What good looks like in practice. You do not need a real-time streaming platform. You need automated, scheduled data movement between your core systems with error handling and monitoring. For most mid-market companies, this means an ETL tool (Fivetran, Airbyte, or similar) pulling data from source systems into a central location, on a daily schedule, with alerts when something breaks.
The minimum bar. Automated daily refresh of your core data (financial, customer, operational) into a central location. The central location can be a data warehouse, a database, or even a well-structured set of tables. The key is automation and monitoring. If a pipeline breaks on Tuesday and nobody notices until the board meeting on Thursday, the integration layer is not ready.
4. Governance framework
What it means. Someone owns data quality. Definitions are documented. Changes to data structures, definitions, or processes go through a review. There are rules about who can modify what.
Why AI needs it. AI models are sensitive to changes in the underlying data. If someone changes the definition of “active customer” in your CRM without updating the model, the model’s predictions shift without explanation. If someone adds a new product category that the model has never seen, the model may produce garbage for that category.
Governance ensures that data changes are intentional, documented, and communicated to downstream consumers, including AI models.
What good looks like in practice. A data dictionary that lists every metric, its definition, its source, and its owner. A change management process that requires approval before modifying metric definitions or data structures. Quarterly reviews of data quality metrics with the leadership team.
This does not need to be heavy. For a company with 15 to 30 key metrics, the data dictionary takes a day to build. The change management process is a shared document that people update when definitions change. The quarterly review is a 30-minute agenda item in the operating review.
The minimum bar. A data dictionary covering the metrics in your board deck and management reporting package, with a named owner for each metric. If the definition of “ARR” exists in one place and one person is accountable for it, you are ahead of 80% of mid-market companies.
5. Skills and literacy
What it means. Your team can work with data. Not just the data analyst or the BI developer. The functional leaders who will consume AI outputs and make decisions based on them.
Why AI needs it. An AI model that produces perfect predictions is useless if the sales VP does not trust it, the operations manager does not understand it, or the CFO cannot validate it. AI adoption is a people problem as much as a technology problem.
What good looks like in practice. The leadership team can interpret a dashboard without someone explaining it. The sales leader understands what a churn prediction score means and how to act on it. The CFO can validate that the model’s inputs match the financial data. Functional leaders ask “what data supports that?” as a reflexive question in meetings.
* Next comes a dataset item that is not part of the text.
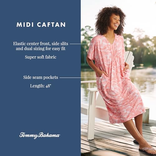 HOT ! Tommy Bahama - Women's Midi Caftan, Dolman Sleeve Stretch Jersey Caftan with Pockets for Sleep or Lounge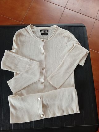 Preciosa chaqueta de punto de Mango en color beige. Es de manga larga y tiene un diseño de canalé. Está en perfecto estado. - Talla S / 36 / 8 - Cierre de botones - Tejido suave

You do not need everyone to write SQL. You need everyone to think critically about data.
The minimum bar. The top 10 people in the company can answer three questions about every metric they report: What is the definition? Where does it come from? How confident are we in it?
The framework applied
Here is how these five prerequisites sequence in practice.
Months 1 to 3. Assess and plan. Run a data readiness assessment against the five prerequisites. Score each one. Identify the gaps. Build a remediation plan. This is the work described in the PE Exit Readiness Checklist, applied through an AI lens.
Months 4 to 9. Build the foundation. Address master data management and data quality baseline first. These are the highest-leverage items. Most AI initiatives fail because of problems in these two areas. Build the integration layer in parallel if you have the capacity. Start the governance framework with the data dictionary.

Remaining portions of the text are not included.